I don’t have much experience doing strictly predictive modelling. There are a few reasons for this—it hasn’t been part of the job where I’ve worked, and building a prediction/projection system has never seemed worth it as a side sports project. But when Baseball Prospectus opened up a “Beat PECOTA” contest, I figured it was something I could do in a quick-and-dirty fashion. It’d be fun and I’d get a partial answer to something I’m curious about: in a baseball context, how much can fancy machine learning algorithms substitute for some of the very subtle domain knowledge that most projection systems rely on. So I took most of the afternoon and a lot of the evening the day before Opening Day and gave it a shot.
It wound up being not as quick and a fair bit dirtier than I was hoping for, but I got some submissions in (not quite how I’d’ve liked, as I’ll explain below), and I’m using this post to explain what I wound up doing, the issues I noticed as I did it, and some of the things that the model output suggests.
This post is also an experiment in writing and publishing something using RMarkdown (so you can see all the code and corresponding ugly-ass output with less writing involved). If you’re not interested in the R code, I apologize for the clutter.
Some Background
PECOTA predicts major league performance for a large number of players (hitters and pitchers), and the contest is pretty straightforward: for as many players as you want, pick over or under; if the player deviates the projection by a certain amount (0.007 of True Average or 0.3 runs of Deserved Run Average) and exceeds a playing time threshold (80 PA or 20 IP), then you get 10 points for the right direction and lose 11.5 points for the wrong direction.
Since BP archives PECOTA projections[Sort of—PECOTA outputs change somewhat frequently as the inputs change, but you can grab a snapshot from around the same time each year.], we can go back and score all of their projections in years past based on the current scoring rules. In theory, then, you can look for patterns in past over/unders and use that to predict how likely a player is to have a given result.
The Model
(Feel free to skip to the next section if you don’t care about the stats involved.) I decided to use a random forest model. You should read up on this class of models if you’re not familiar with it, but the basic theory is to grow a large number of individual decision trees on random selections of data using random choices of predictors. Because of the large number of trees, it is capable of avoiding much of the overfitting that a traditional regression model is subject to, which is key in this context because of the comparatively limited number of data points (roughly 300 each of hitters and pitchers per year).
By using a tree model, the random forest also incorporates non-linearities (for instance, a variable whose predictive power changes depending on the value of another variable) naturally without having them be pre-specified.
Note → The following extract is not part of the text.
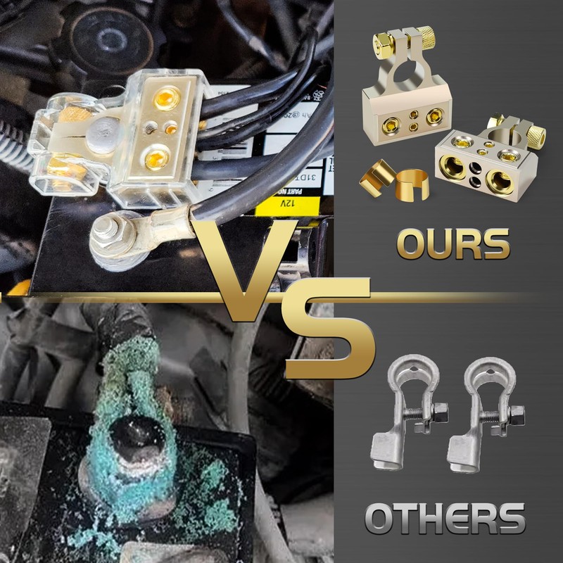 TONDA Battery Terminals, 0/4/8/10 Gauge Battery Terminal Connectors with Shims and Protective Covers, Car Cable Ends, 1 pair

Since I expected that few, if any, variables would have simple linear relationships with the outcome of interest, this is a huge plus for the random forest.
As with any class of models, RFs have their drawbacks: they require parameter tuning (e.g., figuring out how many trees to grow) and they don’t provide clear outputs (like tests of statistical signifiance or an R2 figure), but for someone who’s just trying to throw something together (as I was) they make a lot of sense.
The Data
I trained the model on a dataset consisting of 2014 and 2015 PECOTA projections, along with some historical performance data (for instance, how they did relative to their projection the previous year). I decided not to train the model on seasons from before 2014 for two main reasons. The first was the amount of time it would take to pull and validate the data and to match it up with the external data sources I was using. The second was relevance: PECOTA changes substantively year-to-year, and so its blind spots in years past likely differ from any current gaps the model will find.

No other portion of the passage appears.